The method call of .startswith() will be slower, I am sure.

Click to expand...

Why? Isn't slicing just sugar for a method call?

Click to expand...

Yes, but finding the method doesn't require looking it up by name at
run-time, and startswith is built to work for startings of any length.

Let's timeit:

# -----
from timeit import Timer
from random import choice
from string import ascii_lowercase as letters

strs = [''.join([choice(letters) for _ in range(5)])
for _ in range(5000)]

way1 = "[s for s in strs if s.startswith('a')]"
way2 = "[s for s in strs if s[:1] == 'a']"

assert eval(way1) == eval(way2)

for way in [way1, way2]:
t = Timer(way, 'from __main__ import strs')
print(way, ' took: ', t.timeit(1000))

# -----

On my particular box, I get:

[s for s in strs if s.startswith('a')] took: 5.43566498797
[s for s in strs if s[:1] == 'a'] took: 3.20704924968

So Terry Reedy was right: startswith() is slower. I would,
nevertheless, use startswith(). Later, if users want my program to run
faster and my profiling shows a lot of the run-time is spent finding
words that start with 'a', I might switch.

Thank you for that timing report.

My main point is that there are two ways to fetch a char, the difference
being the error return -- exception IndexError versus error value ''.
This is an example of out-of-band versus in-band error/exception
signaling, which programmers, especially of Python, should understand.

The fact that in Python syntax tends to be faster than calls was
secondary, though good to know on occasion.

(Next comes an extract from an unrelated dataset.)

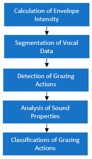 Information on outdoor events is not enough to determine an animal’s health status. A novel data collector, including vocal materials from feeding activities, is necessary to ensure accurate monitoring. From the data obtained using an open-source data collector, stockbreeders can (a) recognize which grass is suitable for their livestock, (b) determine the eating habits of their cattle via advanced analysis, and (c) classify ingestive behaviors. The data resource in the records from the proposed instrument is available online in [64]. In this test, we tried to analyze this sample to verify the correctness and feasibility of our approach. It is considered that our signals correspond to the chew, composite chew–bite, and a bite actions of livestock [27]. For implementation targets, the completion of feature extractions can be done as a set of five successive stages, as shown in Figure 18.

..startswith and .endswith are methods that wrap the special cases of
slice at an end and compare to one value. There are not necessary, and
save no keystrokes, but Guido obviously thought they added enough to
more than balance the slight expansion of the language. They were added
after I learned Python and I thought the tradeoff to be a toss-up, but I
will consider using the methods when writing didactic code meant to be
read by others.

Terry Jan Reedy

Aahz · May 12, 2010

.startswith and .endswith are methods that wrap the special cases of
slice at an end and compare to one value. There are not necessary, and
save no keystrokes, but Guido obviously thought they added enough to
more than balance the slight expansion of the language. They were added
after I learned Python and I thought the tradeoff to be a toss-up, but I
will consider using the methods when writing didactic code meant to be
read by others.

They were also added after I learned Python, and I think they're great!
Using them signals that you're doing simple string checking rather than
some more arcane slicing.

Bryan · May 12, 2010

Terry said:
Thank you for that timing report.

Enjoyed doing it, and more on that below.

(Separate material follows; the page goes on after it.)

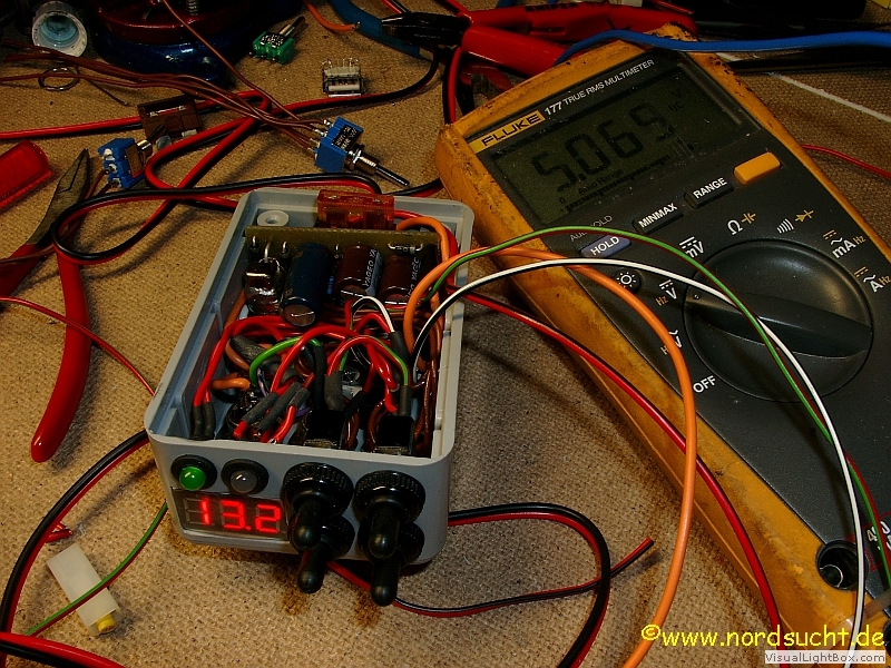 Als Basis sollte eine Elektronik für Fahrraddynamos verwendet werden. Der Markt ist voll von lustigen kleinen Spannungswandlern mit deren Hilfe man sein Handy am Dynamo des Fahrrades aufladen oder betreiben kann. Leider ist der Wirkungsgrad und die Flexibilität der Geräte eher mau und meinen Anwendungsbereiche deckten sie auch kaum ab. Im Internet stieß ich auf die Seite forumslader.de. Dort haben 2 Brüder sich der Sache angenommen und privat eine sehr interessante Schaltung entwickelt. Die aktuellen Bausätze gehen richtig mit der Zeit, sogar von Bluetooth und Apps ist nun da die Rede. Funktionsbedingt bassiert die Schaltung auf reparaturunfreundlicher SMD-Technik, aber die alte Version ist auch noch verfügbar und kann nur empfohlen werden! Um das Optimum aus dem Dynamo heraus zu holen, ist die Gleichrichtung der Eingangspannung per Hand umschaltbar. Für Geschwindigkeiten unter 20km/h wird nach Delon gleichgerichtet, ab 20km/h nach Grätz. So ist der Wirkungsgrad bei niedrigem ebenso gut wie bei hohem Tempo. Das System erschien mir perfekt, so das ich eine leere Platine bestellte und die Schaltung nach meinen Vorstellungen optimierte. Zusammen mit einem 12V Pufferakku, und diversen Kabeladaptern habe ich den für mich perfekten Multilader gebastelt. Verbaut habe ich den fertigen Multilader an einer Ortlieb Ultimate 5 Classic. Im Inneren befindet sich der Pufferakku. Ich habe dazu 12 Eneloopsakkus in Reihe geschaltet und einen doppelten Boden eingebaut. Der Aufbau ist nun so gestaltet das ich während der Fahrt und je nach Auslastung auch im Stand für mehrer Stunden eine 12V Spannung wie in allen PKWs zu Verfügung habe. Also alles was im PKW zu laden und zu benutzen ist (außer böse Stromfresser wie z.B. Heizgeräte) läuft nun auch tadellos an meinem Multilader. Ich versuche auf meinen Reisen ausschließlich Geräte mit Mignonzellen zu verwenden, so kann man immer mal hin und her tauschen und im Notfall sind Mignonzellen fast überall käuflich zu erweben. In diesem Zusammenhang möchte ich meinen Varta Mignon Lader erwähnen, welcher sich hervorragend für Outdooraktivitäten meiner Art eignet. Das Gerät stelle ich hier genauer vor. Im Fazit bin ich äußerst zufrieden mit meinem Gerät. Sind Die völlig entladen 10 Eneloopsakkus (Gesamtspannung dann ca. 4V) sind nach einem 7h Fahrtag bei einem Schnitt von 16-18km/h und gleichzeitig permanenter Navigationsgeräteversorung mit Licht fast völlig aufgeladen. Ein aufgeladener Pufferakkus und einen vollen Tag Radfahren schafft es auch mein komplett entladenes Netbook (Asus Eee PC 900) bis auf 70% zu laden. Mit einer Pufferakkuladung allein schafft der Multilader das Netbook auf 40% zu laden. Praktische Erfahrungen im Einsatz mit dem Lader kann man hier (folgt) lesen. Die nächsten Bilder sollen den Leistungsumfang des Gerätes deutlich machen. Zurzeit bastle ich an einer neueren Version, die deutlich kompakter und weniger anfällig sein wird als die aktuelle Version. Auch wird es in Zukunft möglich sein die komplette Lichtanlage des Fahrrades, vor allem meine Eigenbau LED-Scheinwerfer, besser zu integrieren. (Licht/Rücklicht/Standlichtfunktionen) |

My main point is that there are two ways to fetch a char, the difference
being the error return -- exception IndexError versus error value ''.
This is an example of out-of-band versus in-band error/exception
signaling, which programmers, especially of Python, should understand.

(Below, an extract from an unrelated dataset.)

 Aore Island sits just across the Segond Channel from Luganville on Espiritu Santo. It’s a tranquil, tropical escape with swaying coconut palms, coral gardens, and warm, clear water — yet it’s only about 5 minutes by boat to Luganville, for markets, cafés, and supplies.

Sure. I think your posts and the bits of Python code they contain are
great. Slicing is amazingly useful, and it helps that slices don't
barf just because 'start' or 'stop' falls outside the index range.

My main point was to show off how Python and its standard library make
answering the which-is-faster question easy. I think that's another
thing Python programmers should understand, even though I just learned
how today.

Now back to the arguably-interesting issue of speed in the particular
problem here: 'Superpollo' had suggested another variant, which I
appended to my timeit targets, resulting in:

[s for s in strs if s.startswith('a')] took: 5.68393977159
[s for s in strs if s[:1] == 'a'] took: 3.31676491502
[s for s in strs if s and s[0] == 'a'] took: 2.29392950076

Superpollo's condition -- s and s[0] == 'a' -- is the fastest of the
three.

What's more, in my timeit script the strings in the list are all of
length 5, so the 'and' never gets to short-circuit. If a major portion
of the strings are in fact empty superpollo's condition should do even
better. But I didn't test and time that. Yet.

-Bryan Olson

# ----- timeit code -----

from random import choice
from string import ascii_lowercase as letters
from timeit import Timer

strs = [''.join([choice(letters) for _ in range(5)])
for _ in range(5000)]

way1 = "[s for s in strs if s.startswith('a')]"
way2 = "[s for s in strs if s[:1] == 'a']"
way3 = "[s for s in strs if s and s[0] == 'a']"

assert eval(way1) == eval(way2) == eval(way3)

for way in [way1, way2, way3]:
t = Timer(way, 'from __main__ import strs')
print(way, ' took: ', t.timeit(1000))

Stefan Behnel · May 12, 2010

Bryan, 12.05.2010 08:55:

Now back to the arguably-interesting issue of speed in the particular
problem here: 'Superpollo' had suggested another variant, which I
appended to my timeit targets, resulting in:

[s for s in strs if s.startswith('a')] took: 5.68393977159
[s for s in strs if s[:1] == 'a'] took: 3.31676491502
[s for s in strs if s and s[0] == 'a'] took: 2.29392950076

Superpollo's condition -- s and s[0] == 'a' -- is the fastest of the
three.

Just out of curiosity, I ran the same code in the latest Cython pre-0.13
and added some optimised Cython implementations. Here's the code:

def cython_way0(l):
return [ s for s in l if s.startswith(u'a') ]

def cython_way1(list l):
cdef unicode s
return [ s for s in l if s.startswith(u'a') ]

def cython_way2(list l):
cdef unicode s
return [ s for s in l if s[:1] == u'a' ]

def cython_way3(list l):
cdef unicode s
return [ s for s in l if s[0] == u'a' ]

def cython_way4(list l):
cdef unicode s
return [ s for s in l if s and s[0] == u'a' ]

def cython_way5(list l):
cdef unicode s
return [ s for s in l if (<Py_UNICODE>s[0]) == u'a' ]

def cython_way6(list l):
cdef unicode s
return [ s for s in l if s and (<Py_UNICODE>s[0]) == u'a' ]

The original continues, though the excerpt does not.